Figure 5.. scRNA-seq analysis showed HSC and B lymphoid signatures in E11.5 pre-HSCs and E12 and E14 FL HSCs

(A) Dimensionality reduction of scRNA-seq data using PCA colored by cell type. E11A, E11.5 AGM pre-HSCs; E11Y, E11.5 YS pre-HSCs; E12F, E12.5 FL HSCs; and E14F, E14.5 FL HSCs. (B) A heatmap depicting the expression of HSC-, B cell-, T cell-, and ILC-related genes in the E11 AGM and YS pre-HSC populations and E12.5 and E14.5 FL HSCs. Red, blue, and yellow intensities indicate high, low, and intermediate expression levels, respectively. (C) Pseudo-time analysis of our scRNA-seq data. (D) Velocity analysis of the 96-cell data, indicating two directions (right arrow and left arrow). (E) Genes that were highly expressed at both ends of the arrows in Figure 1D were applied to the gene expression subsets of HSC and B progenitors in the ImmGen database (https://www.immgen.org/Databrowser19/DatabrowserPage.html). (F and G) Pseudo-time analysis of the public data on E11.5 pre-HSCs (types I and II), intra-aortic clusters (IACs), and E14.5 FL HSCs.^, Each cell type was also mapped in the pseudo-time analysis. (H) Selected HSC- and lymphoid cell-related genes were plotted in the pseudo-time analysis of the public data. Genes expressed and/or essential for HSC/MPP (top panel), HSC/B progenitors (center panel), and B progenitors (bottom panel) are depicted. (I) Velocity analysis of the public datasets.
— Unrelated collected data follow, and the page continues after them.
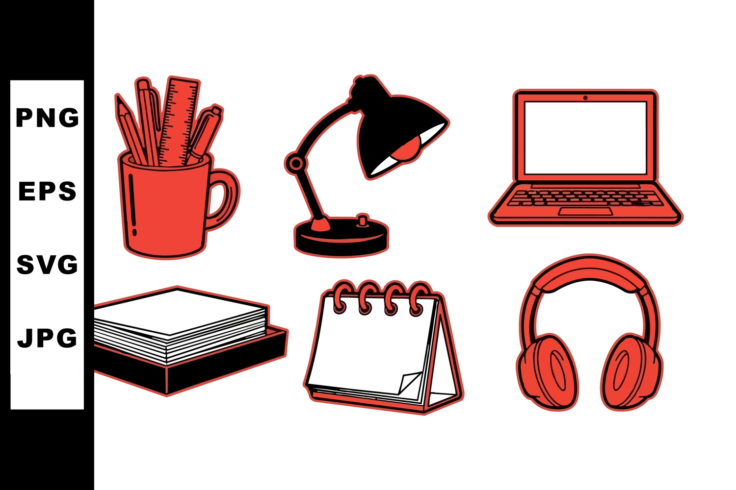 A red and black flat design set displays essential office supplies including pencil holder, desk lamp, laptop, notepad, calendar, and headphones for workspace organization.
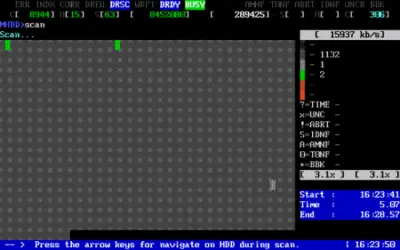 MHDD — компактная бесплатная утилита для диагностики и тестирования внешних и внутренних жёстких дисков. Программа выполняет проверку всей поверхности накопителя, а не только логических разделов, и работает напрямую с SATA/IDE-контроллерами.
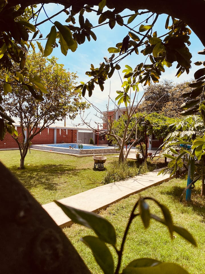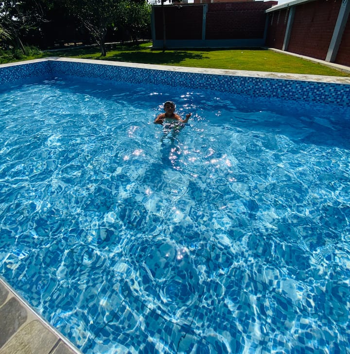 🏊♂️ La piscina está incluida en el precio (¡sin cobros extra!). Mide 10m x 6m x 1.5m y siempre la entregamos limpia, llena con agua natural recién extraída del pozo, sin químicos ni recirculaciones.
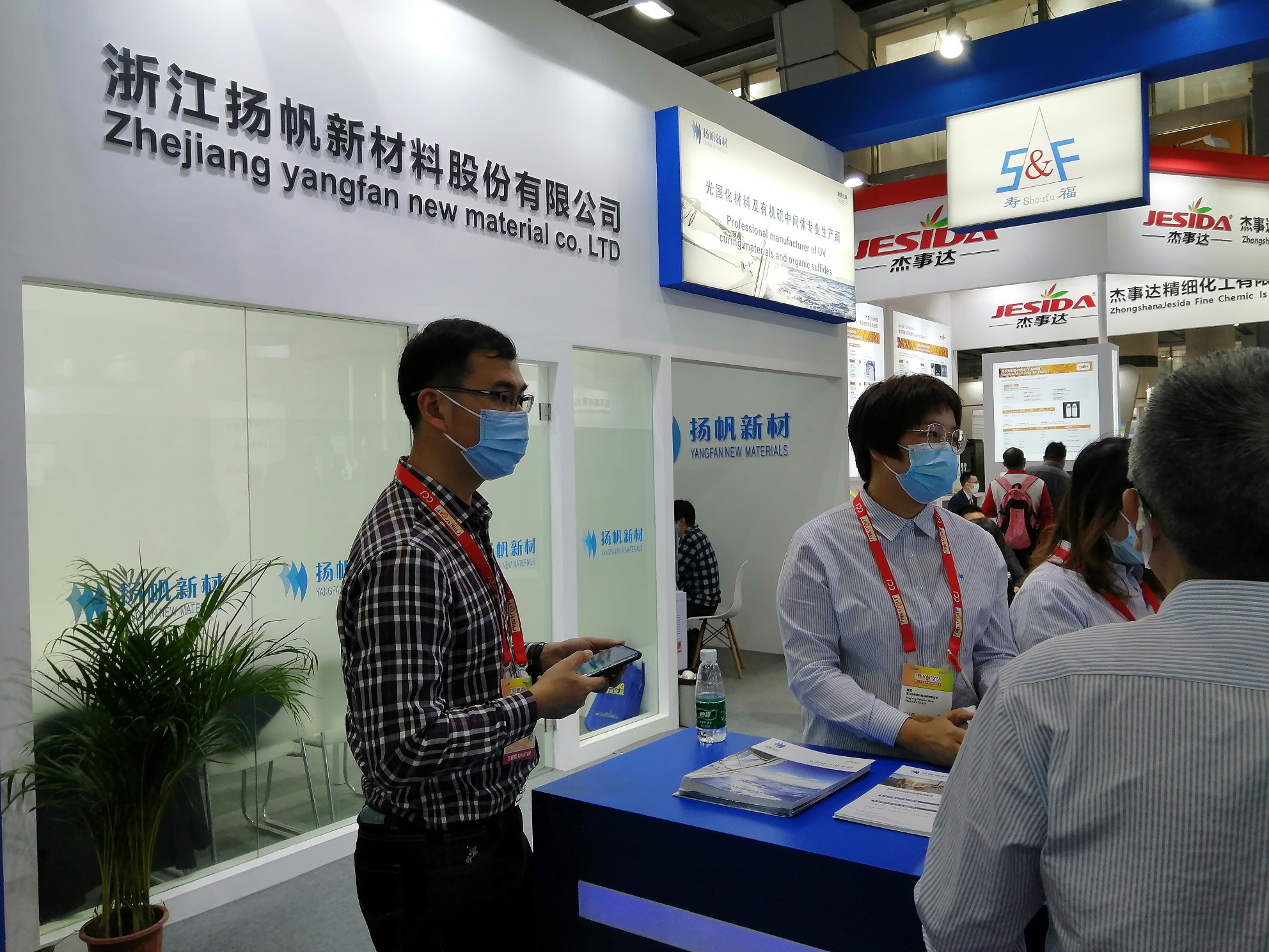 展會期間,“揚帆新材”受到了業內人士的廣泛關注,新老客戶積極洽談。其中,大家對內蒙古揚帆新投產的1173、184、TPO等光引發劑產品進行了深入了解和交流,并對內蒙揚帆未來的產品和發展一致看好。
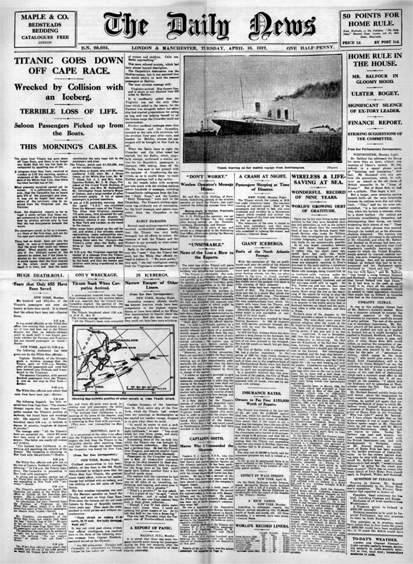 Deste sábado (14) para domingo, o mundo relembra os cem anos do naufrágio do navio Titanic. Sua história foi contada em livros, depoimentos e filmes. A redação deste semanário recebeu do professor José Francisco da Silva Porto, uma cópia da primeira página do jornal inglês The Daily News, de 16 de abril de 1912. O diário conta com detalhes o naufrágio e foi um dos primeiros jornais do mundo a dar com detalhes a colisão com o iceberg. O preço de capa do jornal era “one half-penny” e ele estampava a edição número 20.624, em formato germânico (38 centímetros de largura, divididos em 7 colunas). Este diário era editado em Londres e Manchester e estava em circulação há quase sessenta anos.
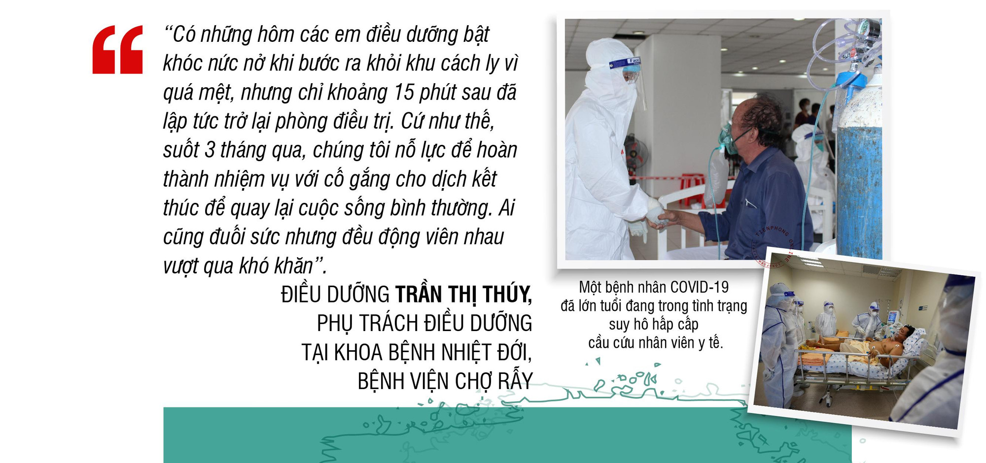 Theo BS Nguyễn Hoài Nam, Phó giám đốc Sở Y tế TPHCM, đến nay đã có hơn 900 y bác sĩ trực tiếp tham gia chống dịch, điều trị cho bệnh nhân bị mắc COVID-19. Ngoài những khó khăn vất vả trong công việc, các y bác sĩ còn đối mặt với những rủi ro rất lớn khi biến chủng Delta lây nhiễm rất cao. Lực lượng y tế đang nỗ lực làm việc bằng ý chí để giành giật sự sống cho bệnh nhân với mục tiêu cứu chữa được càng nhiều người bệnh càng tốt.
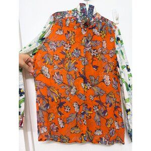 Tory Burch Kia Orange Garden Print Silk Shirt Top Green Floral Tie Neck 8
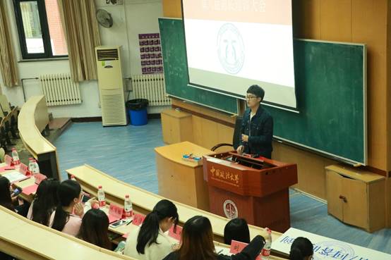 图:十七任学生委员会主任朗浚皓介绍工作经验
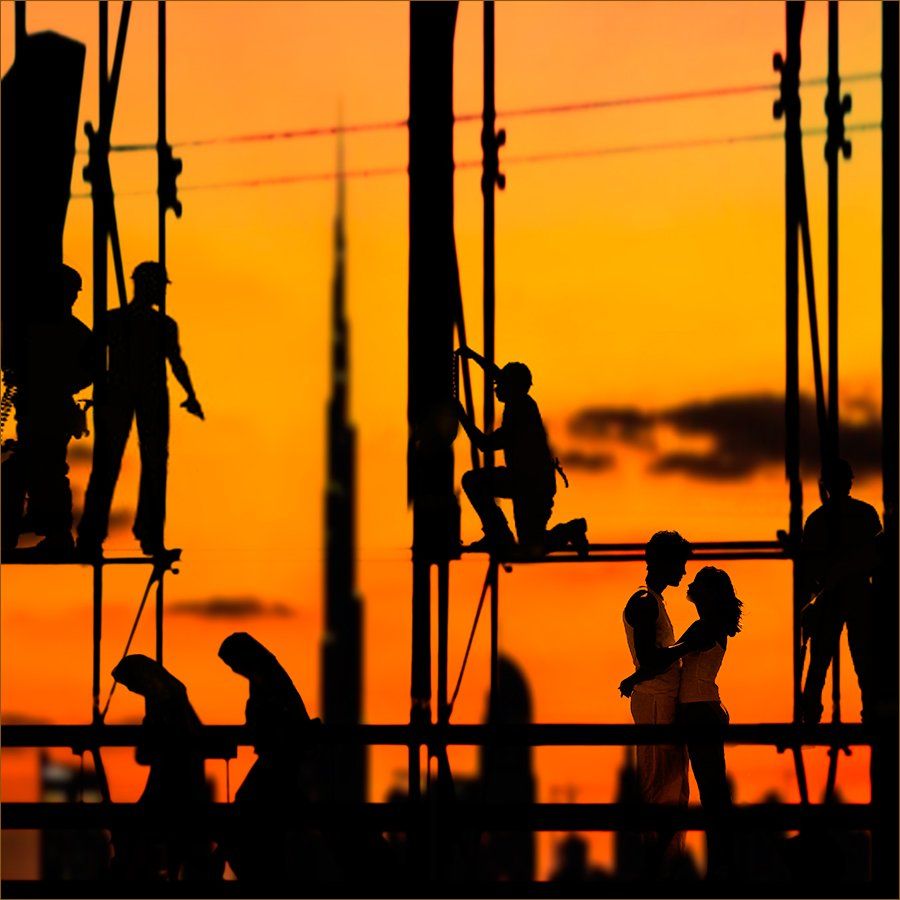 6 силуэтов и один пейзаж Дубая собраны воедино в ФШ.

Figure 6.. Our working model proposing EC-derived multiple waves of hematopoiesis

(A) EC-derived (HSC-independent) and HSC-derived lymphopoiesis show how we can estimate the percentages of each wave. (B) Multiple waves of hematopoiesis produce MPPs, LPs, B-1a cells, and HSCs during E7.5–E11.5. EC-derived HSPCs are the major cell populations in young animals. While postnatal HSC-derived lymphoid cells replace these embryonic EC-derived blood cells with age, a significant percentage of embryonic EC-derived lymphocytes persist in old mice.